(Stored items from a collection)
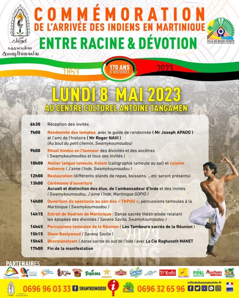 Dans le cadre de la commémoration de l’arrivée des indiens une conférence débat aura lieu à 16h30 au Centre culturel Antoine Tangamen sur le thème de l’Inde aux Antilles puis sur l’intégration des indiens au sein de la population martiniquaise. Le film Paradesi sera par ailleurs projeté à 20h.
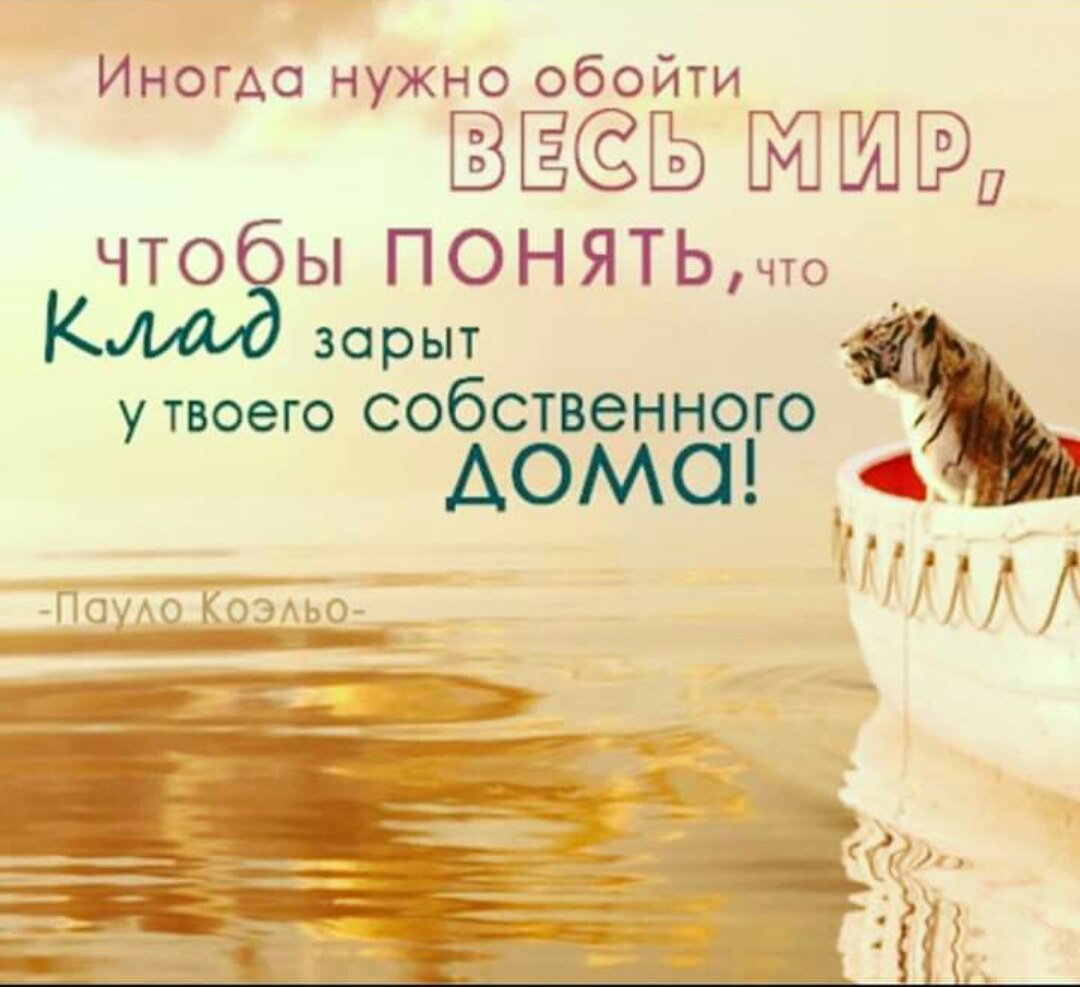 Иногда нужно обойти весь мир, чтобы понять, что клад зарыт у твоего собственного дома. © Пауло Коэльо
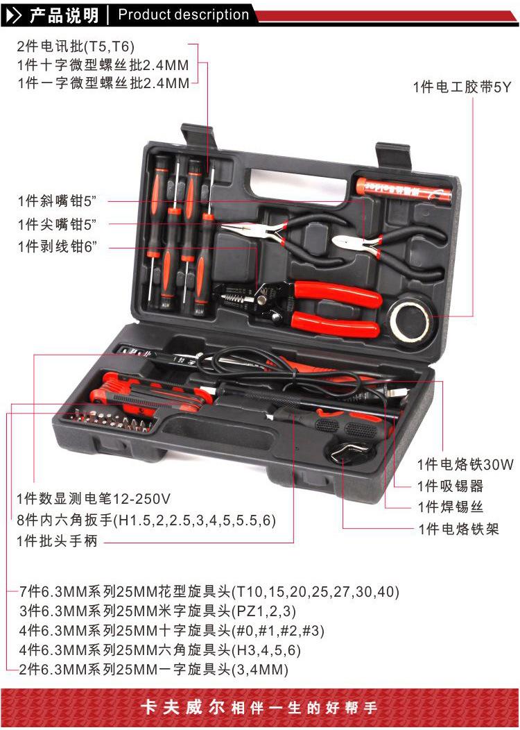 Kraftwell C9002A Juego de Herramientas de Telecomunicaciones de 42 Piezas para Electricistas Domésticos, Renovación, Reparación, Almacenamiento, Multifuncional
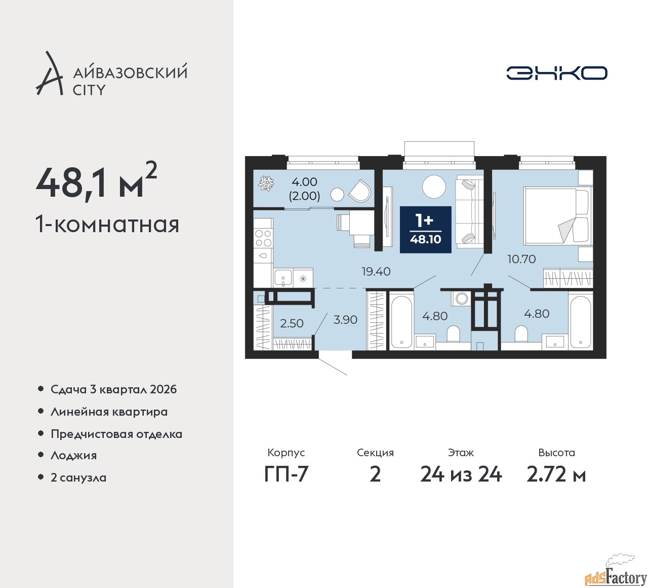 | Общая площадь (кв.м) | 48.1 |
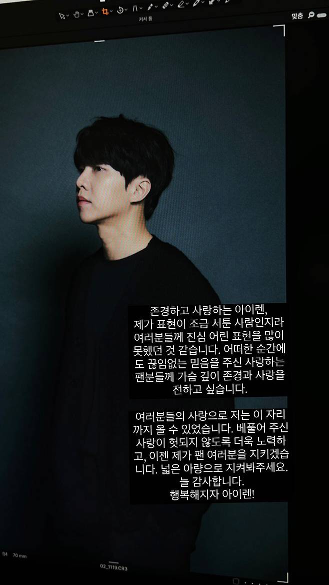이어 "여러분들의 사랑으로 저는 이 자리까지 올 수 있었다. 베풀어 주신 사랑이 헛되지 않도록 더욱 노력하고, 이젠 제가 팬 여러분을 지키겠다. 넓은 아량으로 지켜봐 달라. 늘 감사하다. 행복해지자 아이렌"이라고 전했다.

■ Work instructions ■
Please write every line above out exactly as given, except for any pictures.

■ Exercise answer ■
 Dans le cadre de la commémoration de l’arrivée des indiens une conférence débat aura lieu à 16h30 au Centre culturel Antoine Tangamen sur le thème de l’Inde aux Antilles puis sur l’intégration des indiens au sein de la population martiniquaise. Le film Paradesi sera par ailleurs projeté à 20h.
 Иногда нужно обойти весь мир, чтобы понять, что клад зарыт у твоего собственного дома. © Пауло Коэльо
 Kraftwell C9002A Juego de Herramientas de Telecomunicaciones de 42 Piezas para Electricistas Domésticos, Renovación, Reparación, Almacenamiento, Multifuncional
 | Общая площадь (кв.м) | 48.1 |
이어 "여러분들의 사랑으로 저는 이 자리까지 올 수 있었다. 베풀어 주신 사랑이 헛되지 않도록 더욱 노력하고, 이젠 제가 팬 여러분을 지키겠다. 넓은 아량으로 지켜봐 달라. 늘 감사하다. 행복해지자 아이렌"이라고 전했다.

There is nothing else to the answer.